У него просто каменное сердце. Если хотите знать, повесить его было мало105. И вообще это неспра­ведливо. Несправедливо считать, что то, как он со­противлялся, делало ему честь. Это было, как и в пустыне, — Старый Пидор за работой. «Но Господь ожесточил сердце фараона»106. Да уж, за все эти годы Он ожесточил много сердец, и сердце Иуды Он тоже ожесточил.

Несмотря на все это, несмотря на нечестную борьбу, несмотря на Его мошенничество, я почти пригвоздил этого придурка к позорному столбу (про­шу прощения за каламбур), запугав Пилатом и Про­кудой.
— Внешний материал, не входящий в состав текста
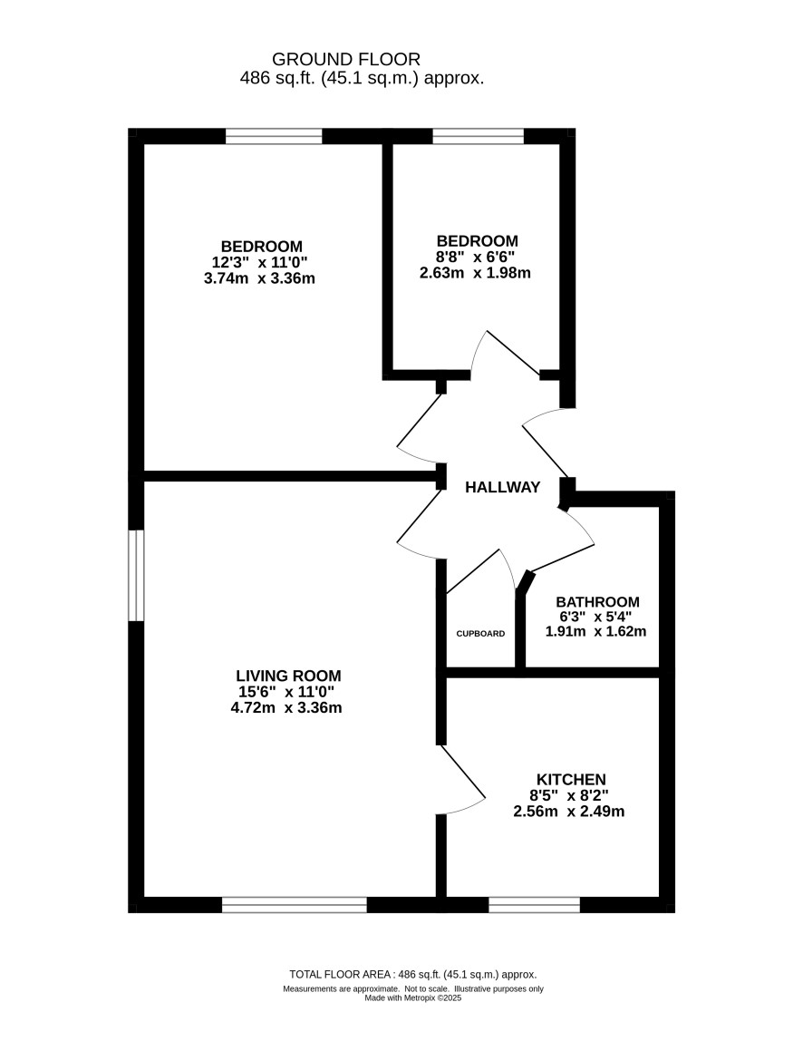 Communal Entrance Door Communal hallway Personal door to Entrance Hall 6' x 4'3" Lounge 15'5" x 11' Kitchen 8'4" x b'2" Bedroom 1 12'3" x 9' Bedroom 2 8'8" x 6'6" Bathroom/WC 6'3" x 5'2"

Что написано, то написано. Несмотря на мое разо­чарование в тогдашнем правителе Иудеи, у меня на долгое время сохранился приятный высокохудожест­венный образ уравновешенной амбивалентности его печально известного вердикта. Значительность единственной паузы, ее мрачные последствия: я на­писал совсем не то, что хотел написать. Меня будут судить по тому, что я написал. Кажется, то, что я на­писал, появилось на бумаге само по себе. Я не должен был писать того, что написал... Quad scripsi, scripsi107. Тавтология моего вывода со всей его gravitas108 и иди­отизмом. Он написал это ближе к обеду после утра, протяженность которого не измеряется часами. Им воспользовались силы, неподвластные ему, они изму­чили его и оставили, как лихорадка или грипп. Он едва держался на ногах, его бросало то в жар, то в холод, будто все тело окутало дождевое облако, кото­рое затем рассеялось, подставив плоть под горячие солнечные лучи. Кровь пульсировала у него в ушах, периодически наступала глухота, когда он слышал только биение своего сердца, перед его глазами сто­ял узкий туннель, в конце которого парили светящи­еся духи. Я не отдал его без боя, могу вас заверить.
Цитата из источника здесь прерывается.